TASK DESCRIPTION ▸
Below this line are records; write out exactly the lines from the one containing "祝壽會上,老壽星代表殷鈺興老" through the one containing "Директорський старостат Запрошуємо", with the pictures left out.

AVAILABLE DATA ▸

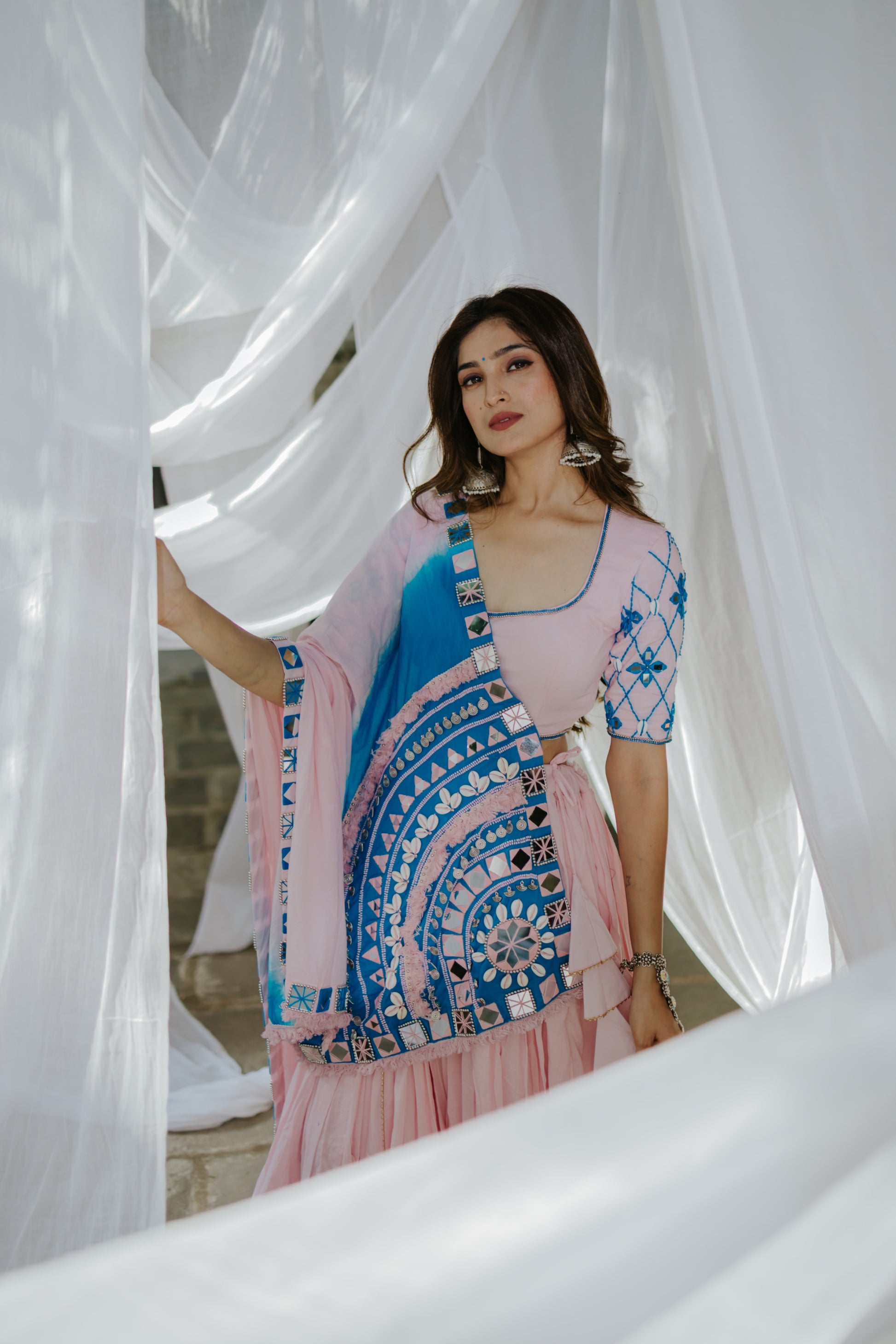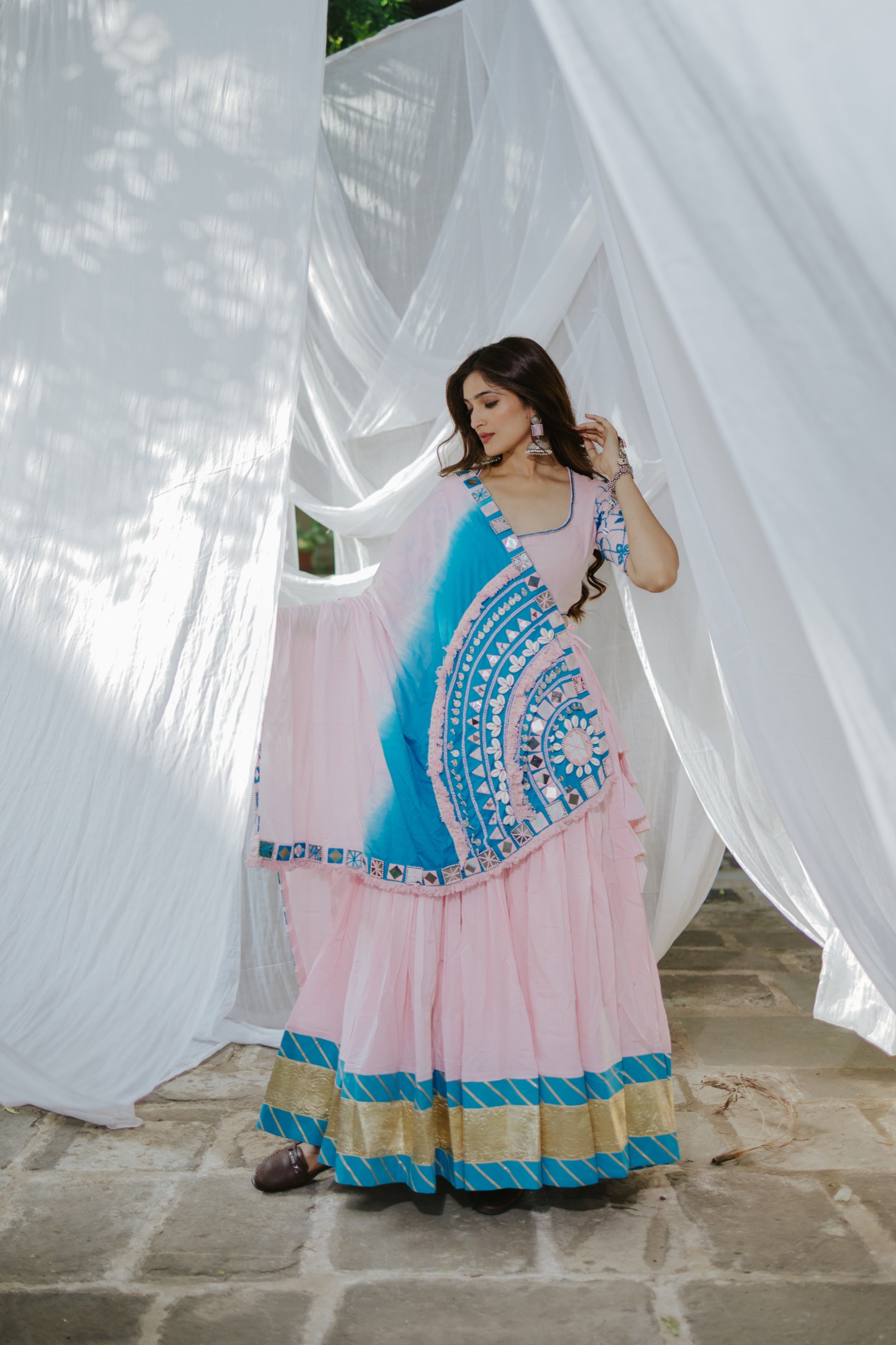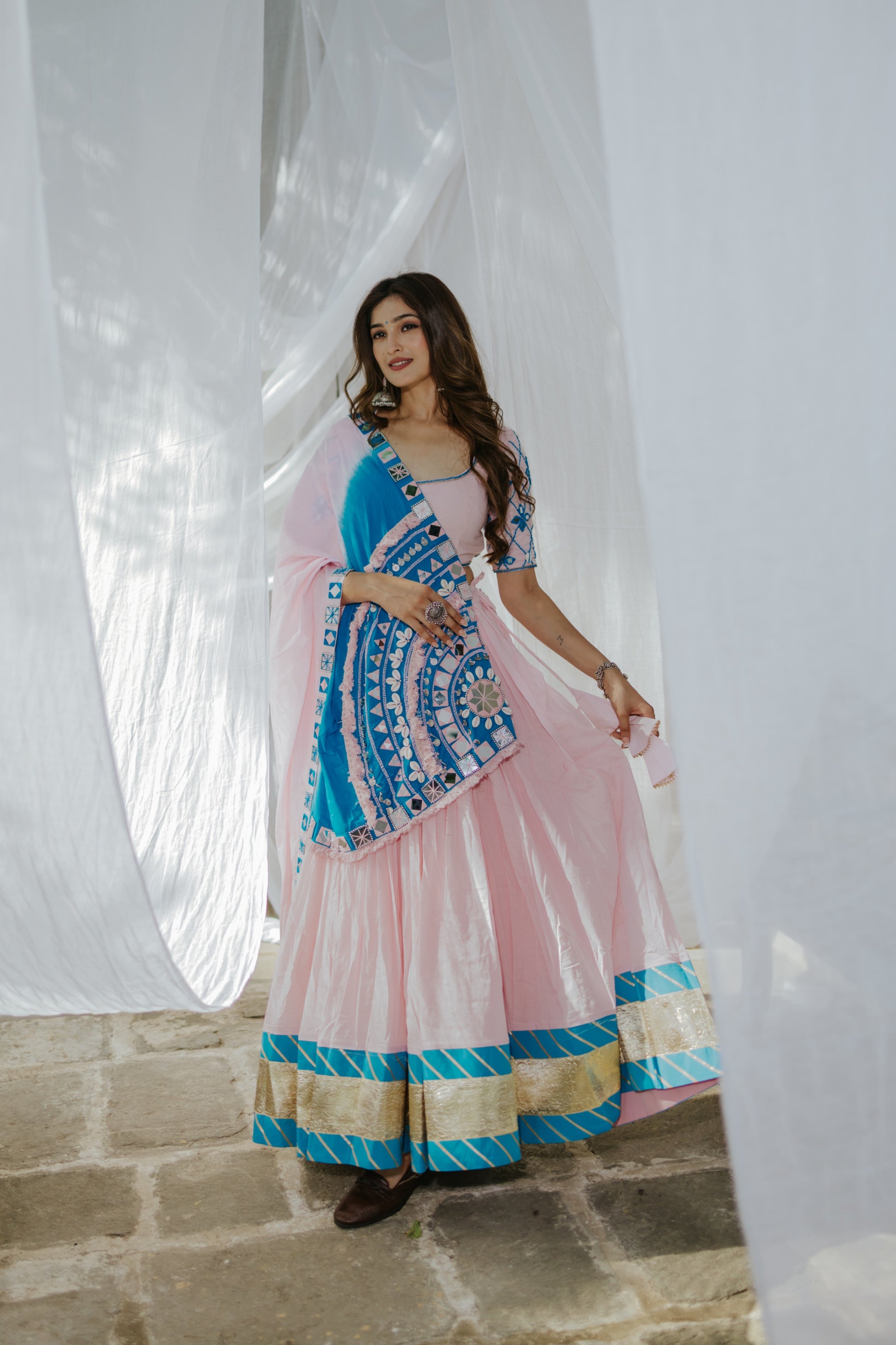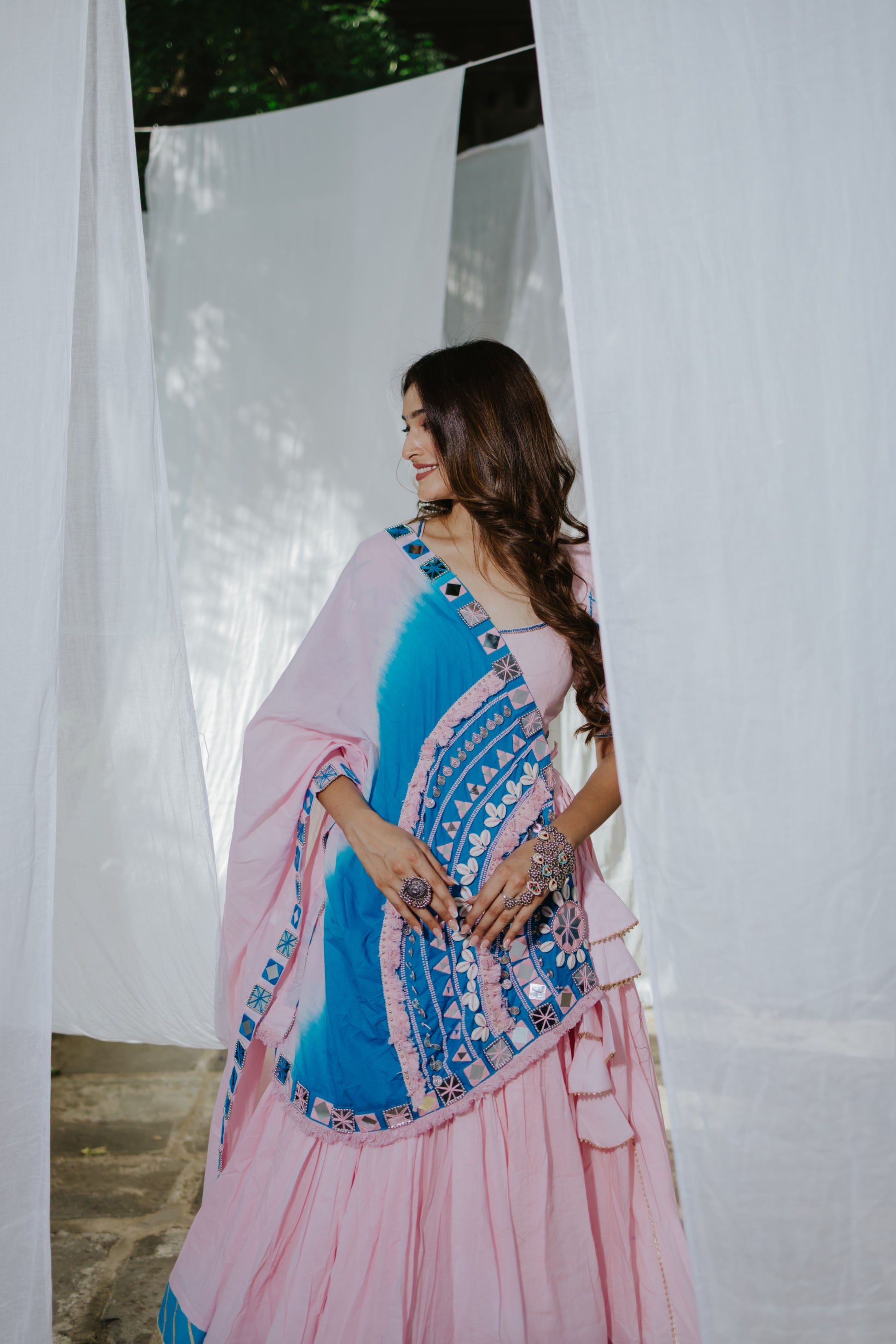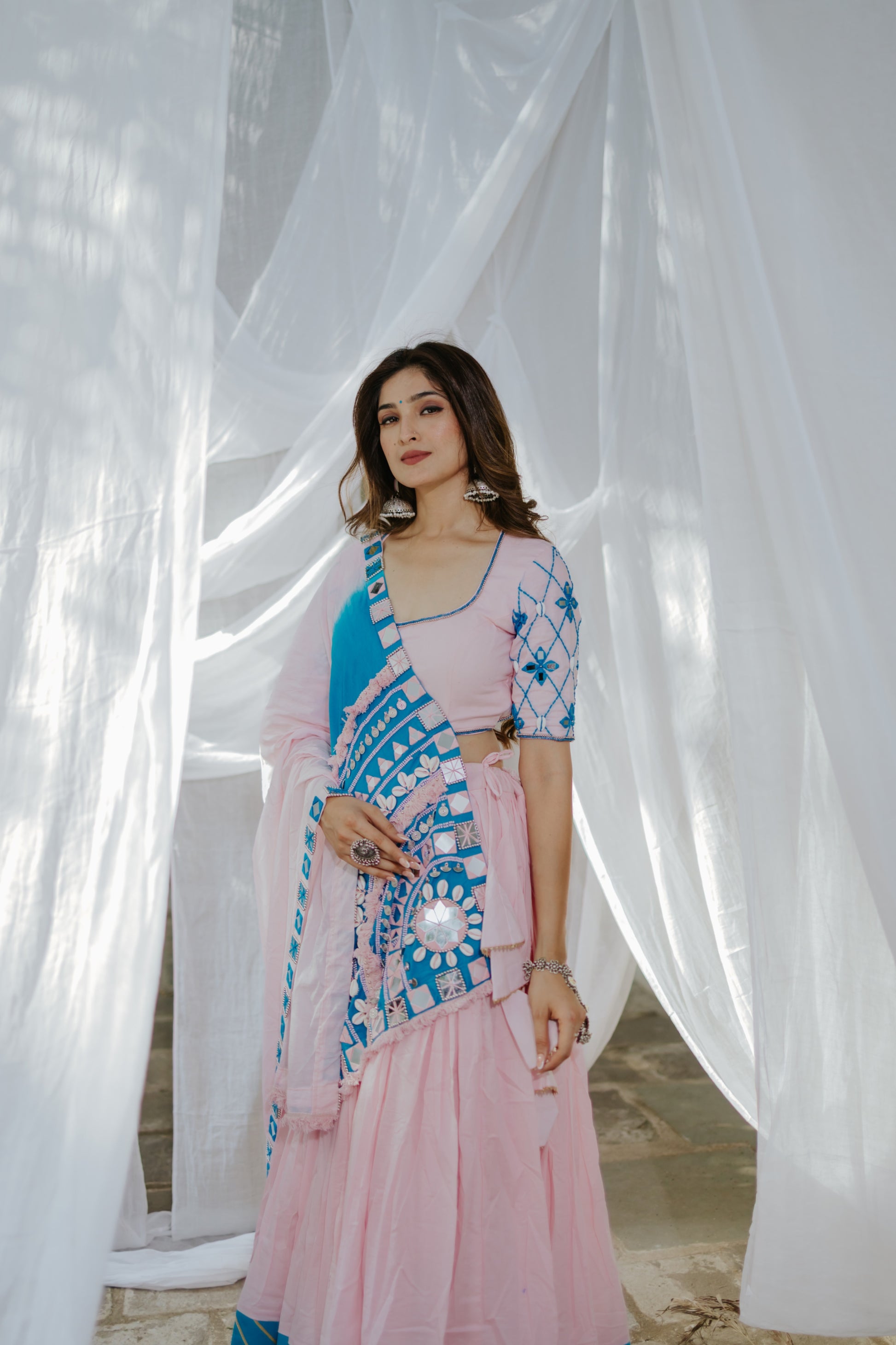 Exclusive Navratri 2025 Boho Mirror Magic – Pink & Blue Handcrafted Chaniya Choli - Raas
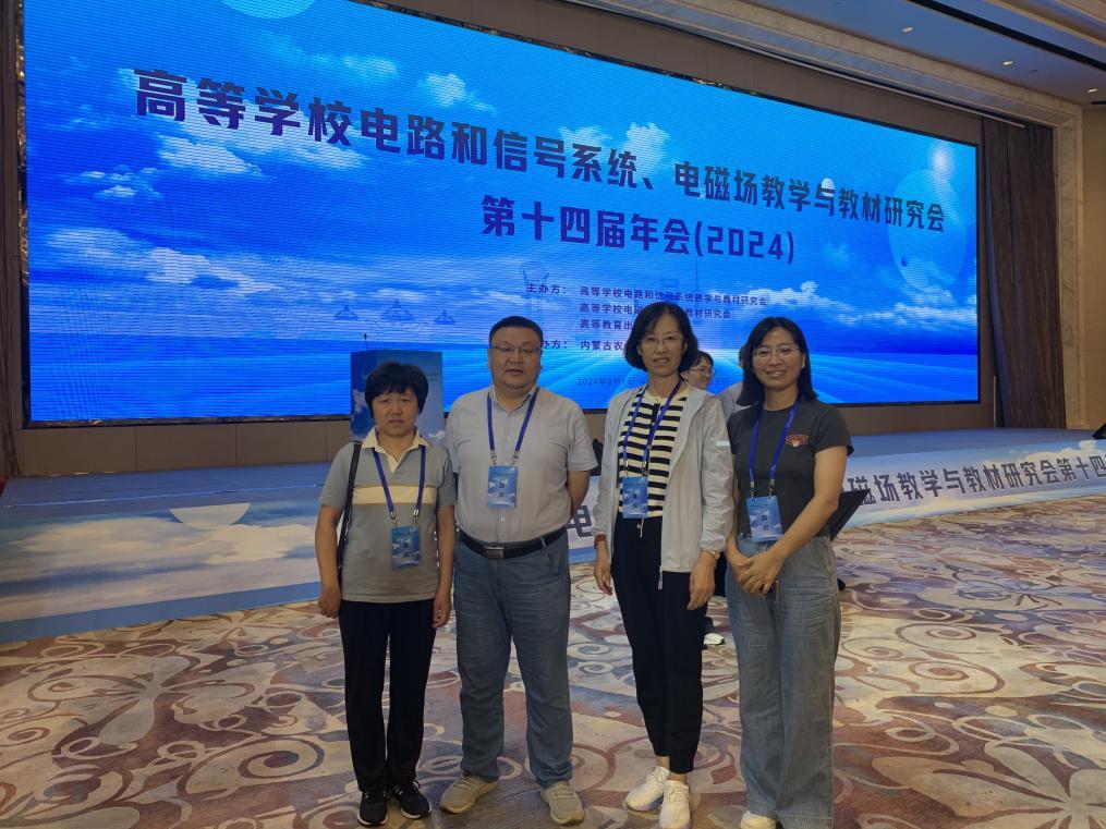 2024年8月1日至4日,由高等学校电路和信号系统教学与教材研究会、高等学校电磁场教学与教材研究会及高等教育出版社主办,内蒙古农业大学承办的高等学校电路和信号系统、电磁场教学与教材研究会第十四届年会在内蒙古呼和浩特顺利召开。来自全国近百所院校的近300名教师参加了本次会议。本届年会的主题是:优化课程内容,建设精品教材,强化能力培养,探索教学智能。会议内容主要分为大会报告、专题研讨、课程论坛、墙报展示及教学竞赛等五个环节。为提升相关核心课程的教学能力,激发教师投入课程建设和教学研究的热情,院长韩萍、副院长卢晓光及相关课程教师庞勇、冯青、左盼盼出席了本届年会。
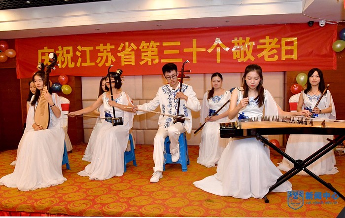 祝壽會上,老壽星代表殷鈺興老師發(fā)言。他表達退休后依然要為祖國、社會、學術奉獻余熱,并祝愿學校的明天更美好。校“夕陽紅”歌舞團的老同志們?yōu)槔蠅坌莻儽硌萘司始姵实墓?jié)目。校民樂團同學們帶來一曲《雨碎江南》,離退休處全體工作人員也登臺獻上一首《我和我的祖國》,表達良好的祝愿!
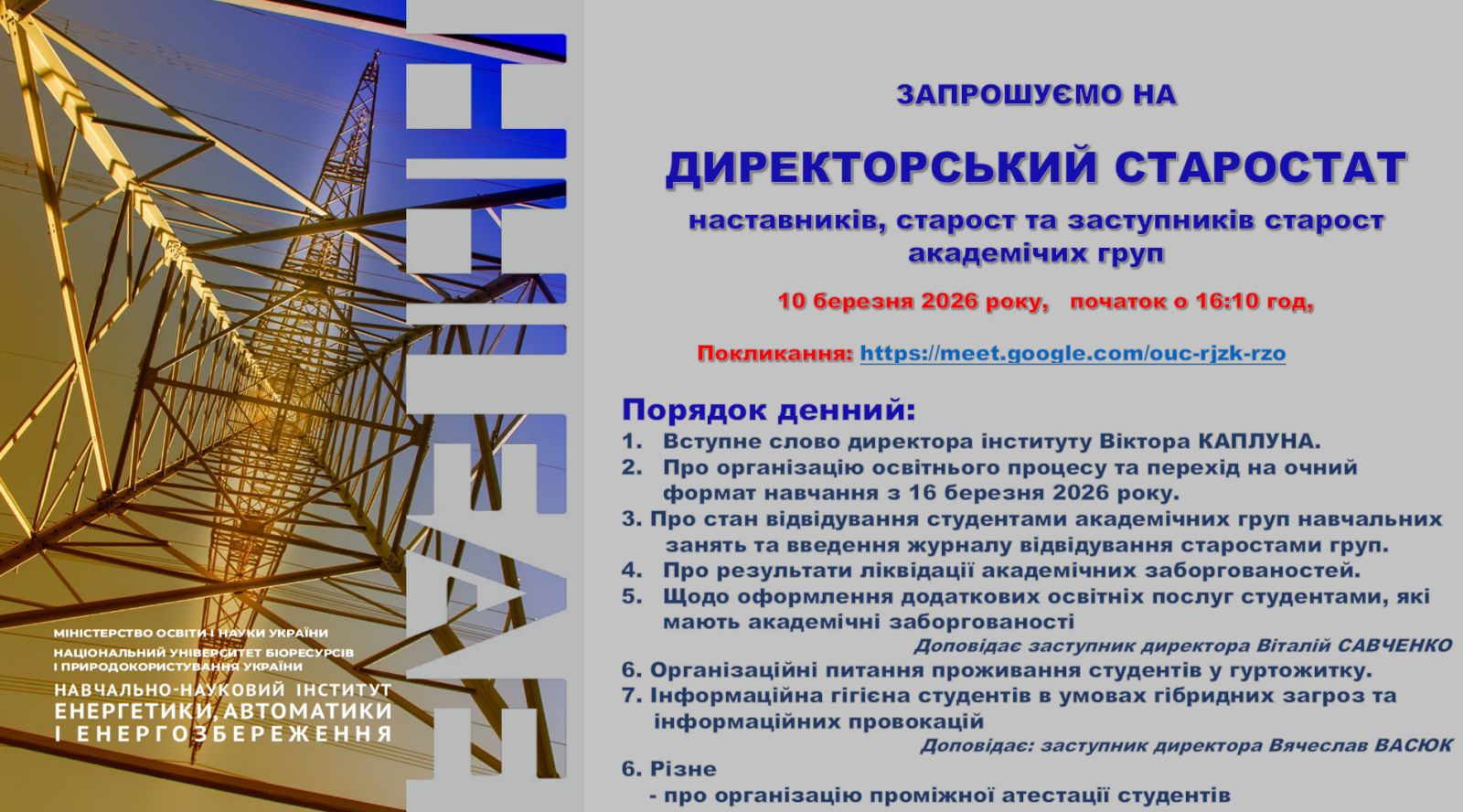Директорський старостат Запрошуємо на директорський старостат Посилання для приєднання: https://meet.google.com/ouc-rjzk-rzo 10 березня 2026 року 16:10 - 17:30 Формат: Дистанційна Тарас Лендєл к.т.н., доц. кафедри автоматики і робототехнічних систем ім. акад. І.І. Мартиненка, Координатор з цифровізації та зовнішніх комунікацій ННІ енергетики, автоматики і енергозбереження
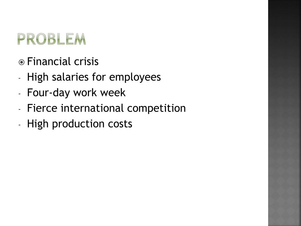 Problem • Financial crisis • High salariesfor employees • Four-daywork week • Fierceinternationalcompetition • High productioncosts

REPLY TO THE TASK ▸
 祝壽會上,老壽星代表殷鈺興老師發(fā)言。他表達退休后依然要為祖國、社會、學術奉獻余熱,并祝愿學校的明天更美好。校“夕陽紅”歌舞團的老同志們?yōu)槔蠅坌莻儽硌萘司始姵实墓?jié)目。校民樂團同學們帶來一曲《雨碎江南》,離退休處全體工作人員也登臺獻上一首《我和我的祖國》,表達良好的祝愿!
Директорський старостат Запрошуємо на директорський старостат Посилання для приєднання: https://meet.google.com/ouc-rjzk-rzo 10 березня 2026 року 16:10 - 17:30 Формат: Дистанційна Тарас Лендєл к.т.н., доц. кафедри автоматики і робототехнічних систем ім. акад. І.І. Мартиненка, Координатор з цифровізації та зовнішніх комунікацій ННІ енергетики, автоматики і енергозбереження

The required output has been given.